We first took notice of actress Amy Acker when she appeared on Angel as Fred, the mousy physicist who had been trapped in a demon dimension for five years. She eventually blossomed into a confident, ass-kicking ... Old One named Illyria. Even though Angel ended in 2004, Acker told TVLine that she has a lot to thank for Fred. In fact, she said, "Fred is the gift that keeps giving."
As we know, Joss Whedon kept his former star in work by putting her in many of his other productions, including Dollhouse, Cabin in the Woods and Much Ado About Nothing. In addition, a chunk of Acker's roles have stemmed from her work with Joss and his stable of proteges.

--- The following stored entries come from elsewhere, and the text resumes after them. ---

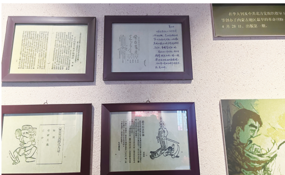
多松年烈士纪念馆一角

“当时，多松年和他的爱人住在里间，多松年的父母住在外间，其他的兄弟姐妹在另外的房间居住。里间只有一铺炕、炕桌等简单的生活用品，生活是很简朴的……这是多松年上学时的成绩单和毕业照，这是1925年多松年同乌兰夫等同志创办的革命刊物《蒙古农民》，为了进行反帝反封建革命宣传，他本人任编辑和发行人，这也是中国共产党历史上第一份少数民族革命刊物……虽然他牺牲时只有22岁，但是却留下了很宝贵的精神财富……”伴随着讲解员的介绍，多松年烈士的形象也变得立体、丰满了起来。
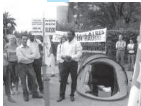
Les syndicats de la FSU dans l'action : campement de la précarité devant le rectorat de Nice

Par ailleurs, à l'heure où l'actualité économique et sociale bruit d'une crise financière qui remet en cause tous les dogmes budgétaires libéraux auxquels le gouvernement persiste à vouloir sacrifier l'éducation nationale et ses personnels, il faudra saisir l'occasion d'adresser à l'État-employeur un message sans ambiguïté. Pour exiger un service public d'éducation véritablement ambitieux pour la jeunesse, pour un véritable plan de titularisation, pour obtenir un plus grand respect pour nos missions et pour tous les personnels, le seul vote qui fait sens, c'est le vote SNES-SNEP-SNUEP-SNUIPP .
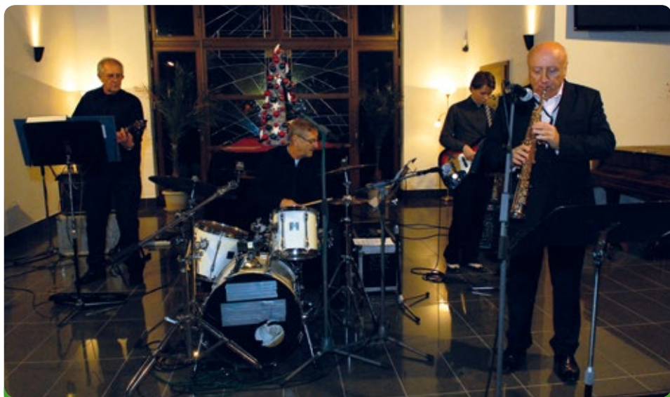
I. adventní koncert Felixe Slováčka
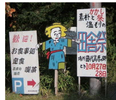
▲市内外から見物客が訪れる「案山子まつり」

●力作が並ぶ案山子まつり―田代区― 毎年10月には、田代区を挙げて田代高原の郷を会場に案山子まつりを行っています。 展示される案山子は、区民が工夫をこらして何か月も前から製作しており、各戸自慢のものばかり20体以上並びます。ほかにも地元の特産物の販売や模擬店もあり、市内外から大勢の見物客でにぎわいます。 同時に文化祭や、青少年育成区民会議が実施する子ども写生会を行いました。写生会では、多くの子どもさんが参加し、案山子のある風景を描いた力作が揃いました。

"[H]e hires such amazing writers who have now gone on to make their own shows, so I was lucky enough to do something on Grimm and Once Upon a Time, all these different things with different people who have been on or affiliated with Angel."Acker will be making an appearance in tonight's episode of Joss/Jed Whedon/Maurissa Tancharoen-produced Agents of S.H.I.E.L.D. as the Cellist, the girlfriend of Agent Coulson referred to by Coulson and Pepper Potts in The Avengers (according to IMDB, she'll be appearing in season finale as well).
The Cellist, whose name is Audrey, thought Coulson had died after the events of The Avengers. According to Acker, the episode will deal with the consequences of his lying by omission.
"Coulson has been watching over her and is trying to protect her ... he realized that she could be in trouble, and so that became a priority. ... I have a really nice, pretty speech that they wrote about just how hard it was to get over him, trying to kind of put my life back together since I lost him."
Other than preparing for the role emotionally, Acker had to prepare for the role of the Cellist physically. She told TVLine, "Well, I took a nice three-hour lesson after I found out I was playing the part. [Laughs] Unfortunately, you can’t actually learn to play the cello in three hours, but ... I’m like, 'Oh, I can play the violin now!' I thought I was pretty good at it, but apparently not so much."
Will the Cellist have moved on from Coulson's death, or will she beat him over the head with a cello for allowing her to think he was dead? We'll have to wait and see.